UCLA

Phosphinocatalysis has been used among us as a short term for nucleophilic phosphine catalysis. The information in chapter 1 will focus on how phosphinocatalysis was discovered, who contributed to the early-day developments of this field, and what have been achieved in the field. Chapter 2 will cover phosphine-allene chemistry in which the equillibrium between phosphonium dienolate and vinylogous ylide was reaffirmed. Two new phosphine-mediated transformations were discovered in this chemistry: vinylogous aldol/P-to-C aryl migration by reaction of phosphonium dienolate with an aromatic aldehyde and vinylogous Wittig olefination by reaction of vinylogous ylide with an aromatic aldehyde.

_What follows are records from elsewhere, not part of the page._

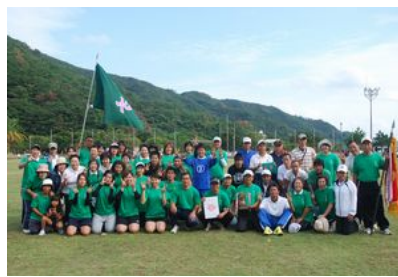
大会3連覇 東方チーム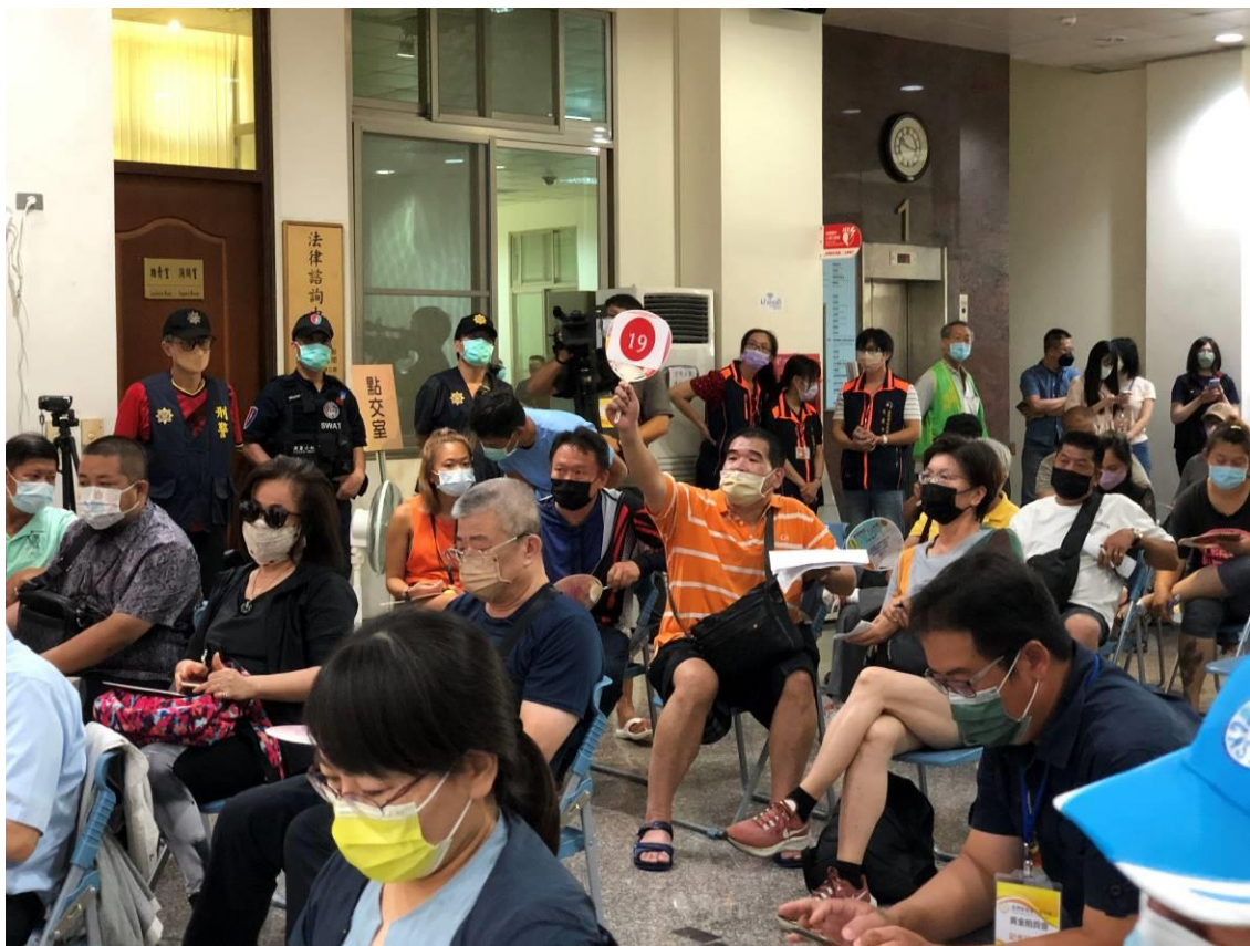
(現場民眾相當踴躍喊價激烈)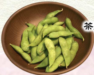
茶豆の添寝・・・¥300 - ゆで茶豆 - Boiled tea beans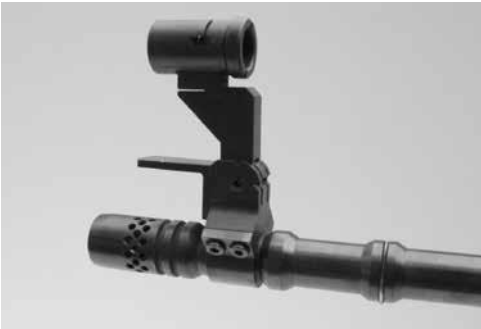
Bild 10: Kornträger als Visierverlängerung (Laufmontage), diverse Fabrikate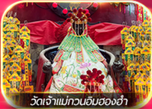
วัดเจ้าแม่กวนอิมสองอ่า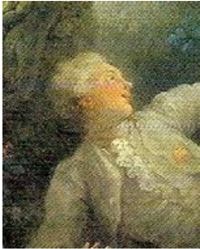
O Bambán de Fragonard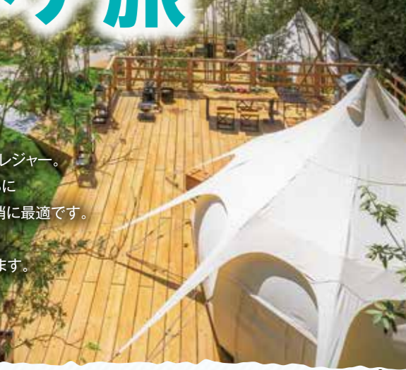
日常を忘れさせてくれる緑あふれる素晴らしいロケーション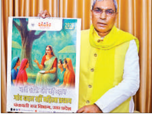
पंचायती राज विभाग का कैलेंडर जारी करते कैबिनेट मंत्री ओम्प्रकाश राजभर।

जब पंचायतों में महिलाएं सशक्त होंगी और निर्णय प्रक्रिया में सक्रिय भूमिका निभाएंगी, तभी गांवों का समग्र विकास संभव होगा। यह कैलेंडर महिला हितैषी सोच को जन-जन तक पहुंचाने का सशक्त माध्यम बनेगा।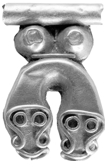
Рис. 9. Підвіска з кургану № 13 поблизу с. Мар'івка (Запорізька обл.).

Отже, ланцюжки з окремих елементів носили тільки жінки. Власниці таких оздоб мешкали в усіх регіонах Скіфії, але кількість знахідок у степових областях переважає. Конкретний зміст зображень можна “прочитати”, проаналізувавши поховальний обряд, склад декоративних елементів костюма, і загалом –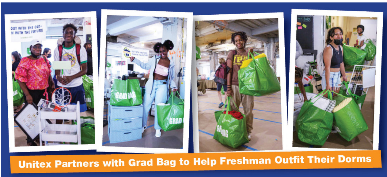
Unitex Partners with Grad Bag to Help Freshman Outfit Their Dorms

Chapter 3 will discuss the development of a one-pot procedure for phosphine-initiated general base-catalyzed quinoline synthesis and of its variation to quinolone synthesis. A number of 3-substituted and 3,4-disubstituted quinolines, as well as 3-substituted 4-quinolones have been generated from this methodology. Chapter 4 involves the designs of new chiral aminophosphines toward the asymmetric version of phosphine-catalyzed double Michael reaction. The aminophosphines were particularly designed based on the presumption that the anchimeric assistance of the amino group onto the phosphonium phosphorous was essentially significant to the reaction's success. The chiral element was designed to be on the amino group, which would endow the asymmetric environment to the reactive center via anchimeric assistance during the reaction. A small collection of chiral aminophosphines were eventually prepared based on this design. Chapter 5 was an extension on the design of chiral aminophosphines. However, the new design of chiral aminophosphines was not based on any specific asymmetric chemical transformations. This design was centered on the steric-directing mode of asymmetric induction and then would be tested toward various phosphinocatalysis reactions.